DIA DE
PÃO-POR-DEUS
Eram dois dias santos seguidos, o Dia
de Pão-por-Deus e o Dia das Almas, muito lembrados na nossa casa.
Na véspera do Pão-por-Deus a mãe
fazia uma amassadura de pão, com rosquilhas e bolos de rolão. Depois do pão
cozido e bem tapado com as toalhas brancas de algodão que só serviam mesmo para
esse efeito, já tínhamos as pudineiras cheias de pêros rosados que metíamos
dentro do forno e lá ficavam a assar no calor que ainda restava. Tínhamos pêros
assados para comer durante alguns dias. E o que me dá mais saudade neste Dia de
Pão-por-Deus é exactamente os pêros assados. Ainda retenho na minha memória aquele
cheiro que se espalhava por toda a cozinha e o sabor dos pêros, ainda mornos,
uma verdadeira delícia.
Neste dia costumava sempre passar
algum pobre a pedir esmola e a mãe, caridosa como sempre, fazia questão de lhes
dar qualquer coisa, porque nenhum pobre poderia ser esquecido neste dia.
E como
sempre acontecia por altura destas ocasiões assinaladas, a mãe contava a
propósito, histórias dos pobres de antigamente, que vinham a casa da avó das
Fontes, a avó Silvéria; naquela casa muitos pobres enganaram a fome por algumas
vezes, porque a avó não os deixava ir de barriga vazia. E a mãe fazia o mesmo
que a sua mãe costumava fazer nesse tempo de antigamente, ensinando-nos também
o valor da caridade, da generosidade e da solidariedade para com os mais
necessitados.
No dia dois de Novembro, Dia das
Almas, eram lembrados todos os familiares que já haviam partido deste mundo,
principalmente os nossos avós. A mãe falava de todos com muita saudade, quase
sempre com a lágrima ao canto do olho. Nós, ainda pequenos, ouvíamos as várias
histórias e ficávamos a olhar para a mãe, com os olhos rasos de lágrimas,
tentando compreender a dimensão daquela saudade.
Era dia de ir à missa e rezar por
intenção de todas as almas, não só dos nossos familiares mas também pelas almas
do Purgatório. Eu não gostava desta missa por decorrer num ambiente muito
pesado.
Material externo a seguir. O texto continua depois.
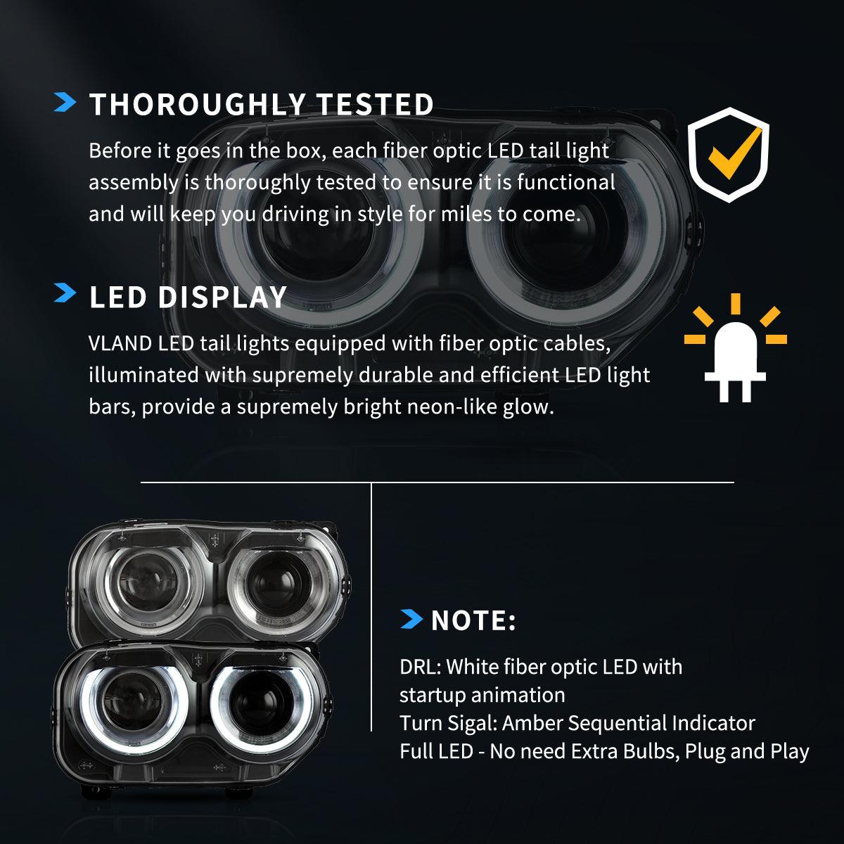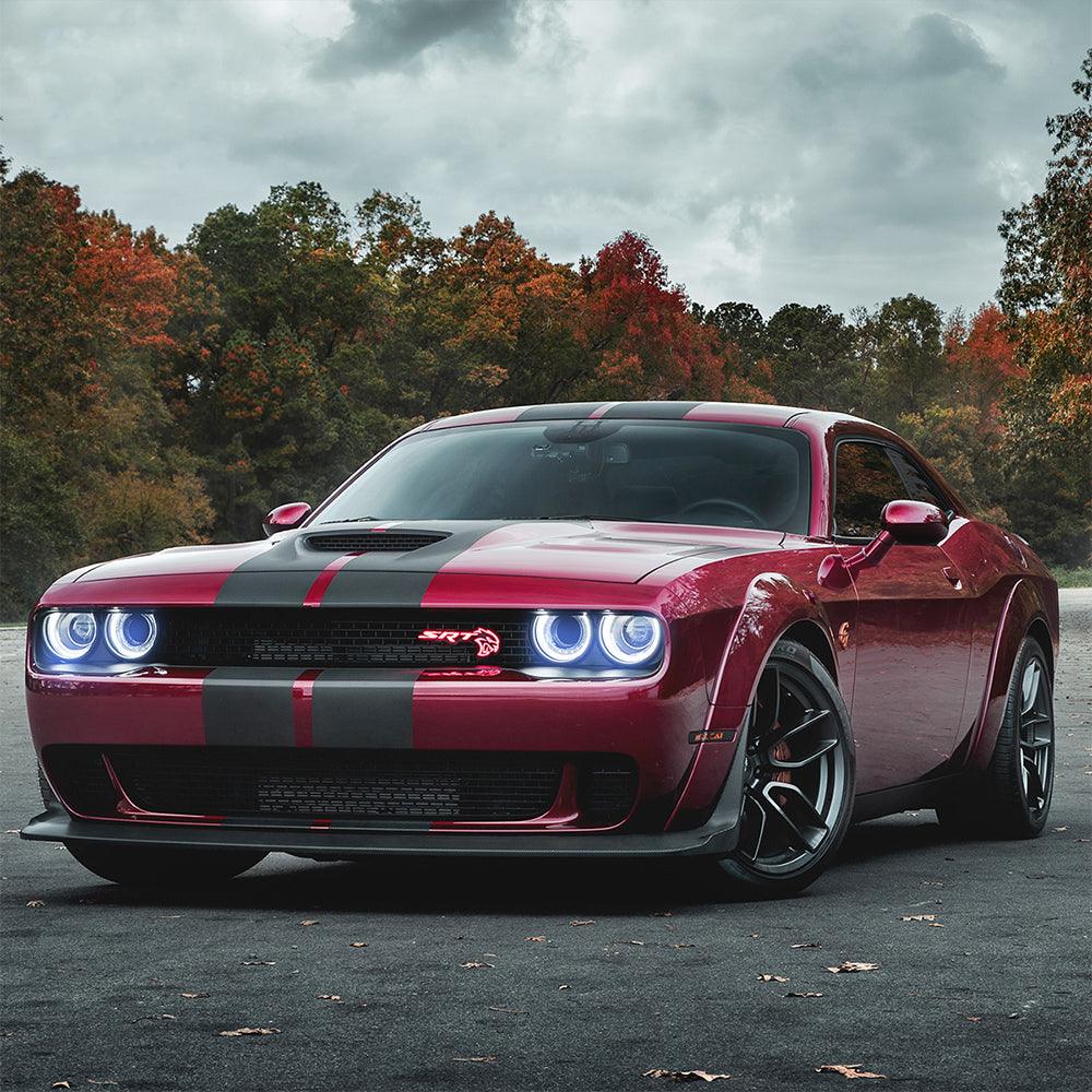 مجموعة مصابيح أمامية LED RGB ثنائية الشعاع باللون الأسود لسيارة دودج تشالنجر الجيل الثالث المحدثة موديلات 2015-2024

As mulheres vestiam-se de escuro, algumas quase todas de preto como se
estivessem de luto - eu achava aquilo tudo um exagero, porque nunca gostei de
preto - e dentro da igreja ao longo da missa havia muitas fungadelas, porque
todos se lembravam dos seus entes queridos, ainda mais na hora da homilía,
quando o senhor padre falava e exaltava os que já tinham partido para o Além.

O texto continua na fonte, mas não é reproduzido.